The number of bands in patterns varied from three to nine, with sizes
of between 115 and 1,020 bp (Fig. 1 and
2). Patterns sharing most of their bands
were grouped to constitute an F type. Seventeen different F types
were obtained from all strains. Some F types contained variable
bands that were not always present, depending on the strain (bands
represented as dotted lines in Fig. 2).

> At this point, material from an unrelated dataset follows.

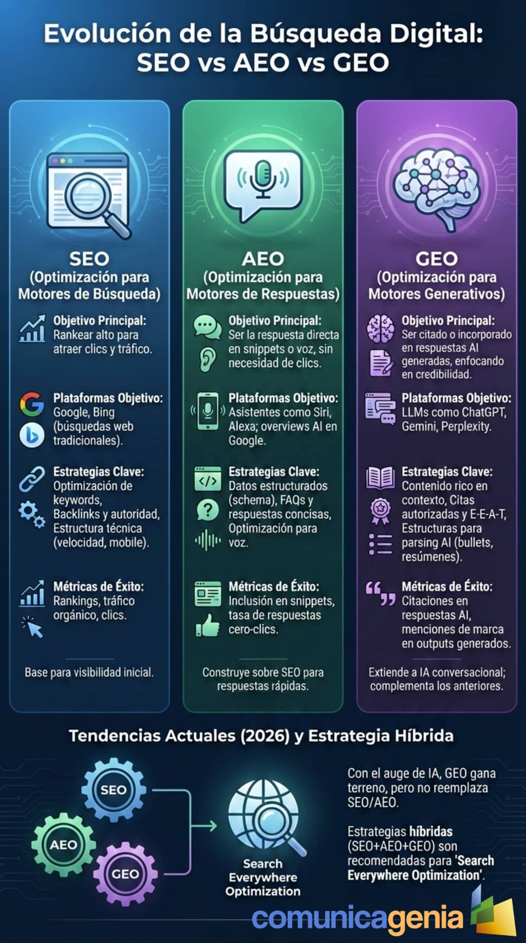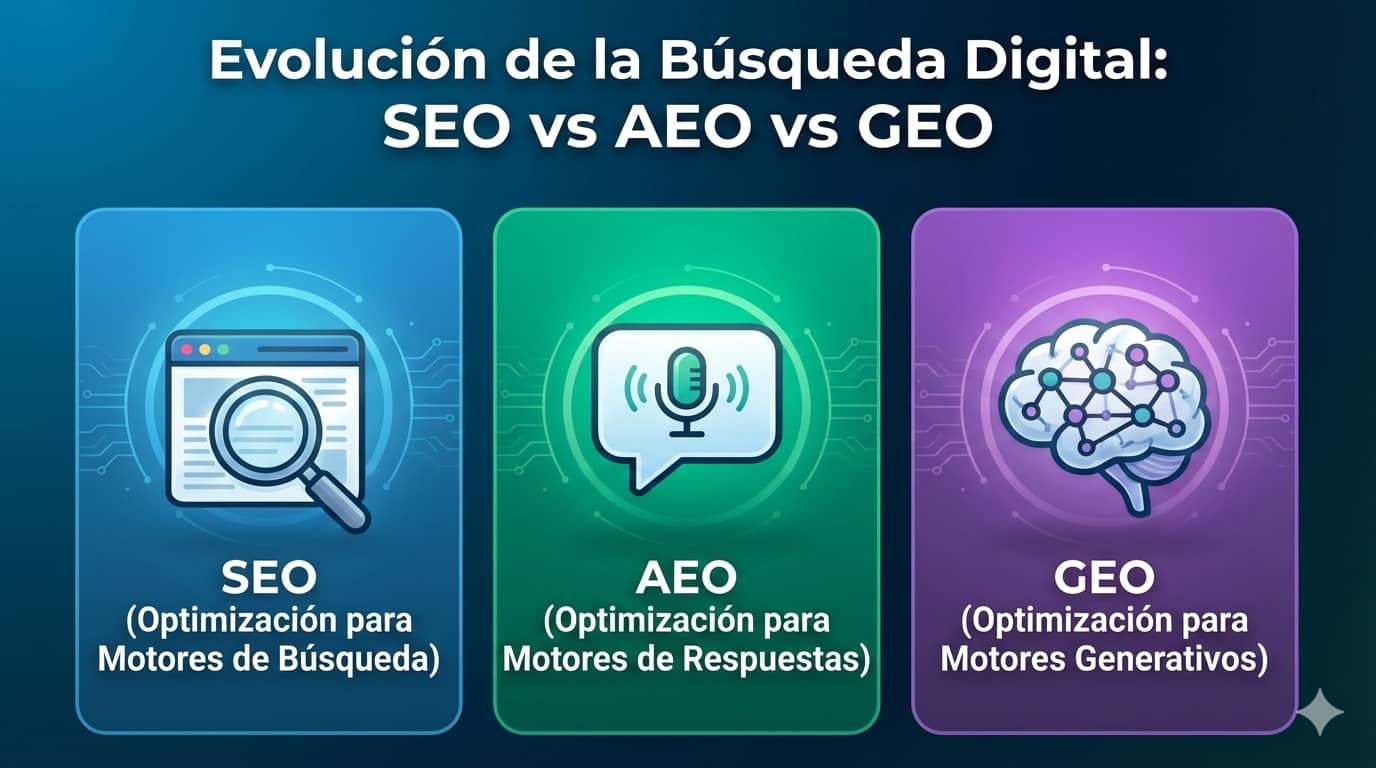 Esta evolución ha transformado las reglas del juego para marcas y creadores, dando paso a un ecosistema donde conviven el SEO, el AEO y el GEO.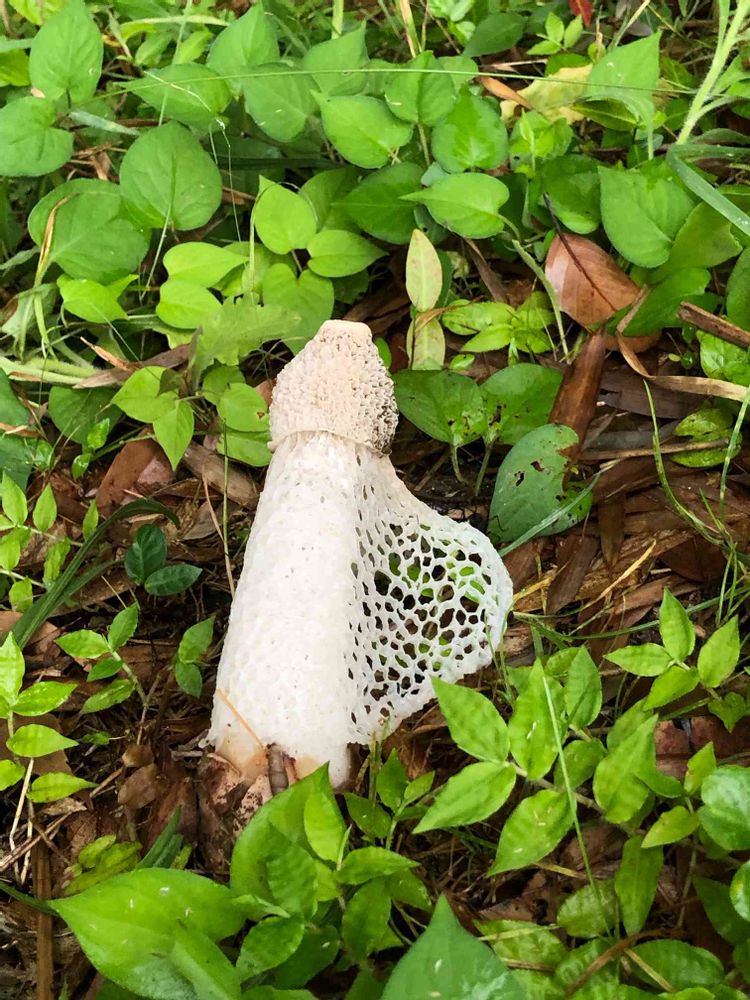 竹林の側に出てくるキノコの仲間だそうです。レースが広がるとドレス👗みたいにきれいなのですが、雨に打たれ半分になっていました🥲

Common bands in each F type
(thick lines in Fig. 2) allowed F type identification.
|
|
A unique F type was observed for each of the following serotypes: S. dysenteriae 1, 2, 8, and 10 and S. boydii 7, 13, 15, 16, and 17. On the contrary, S. dysenteriae serotype 13 and S. sonnei biotype e were each subdivided into two different F types. S. flexneri serotypes 3a and X could be distinguished from the cluster containing S. flexneri serotypes 1 to 5 and Y. S. flexneri serotype 6 clustered with S. boydii serotypes 1, 2, 3, 4, 6, 8, 10, 11, 14, and 18 and S. dysenteriae serotypes 4, 5, 6, 7, 9, 11, and 12. Two other clusters were outlined: one comprising S. dysenteriae serotypes 3, 12, 13 (strain CDC598-77), 14, and 15 and the other one joining S. boydii serotypes 5 and 9 (Table 1).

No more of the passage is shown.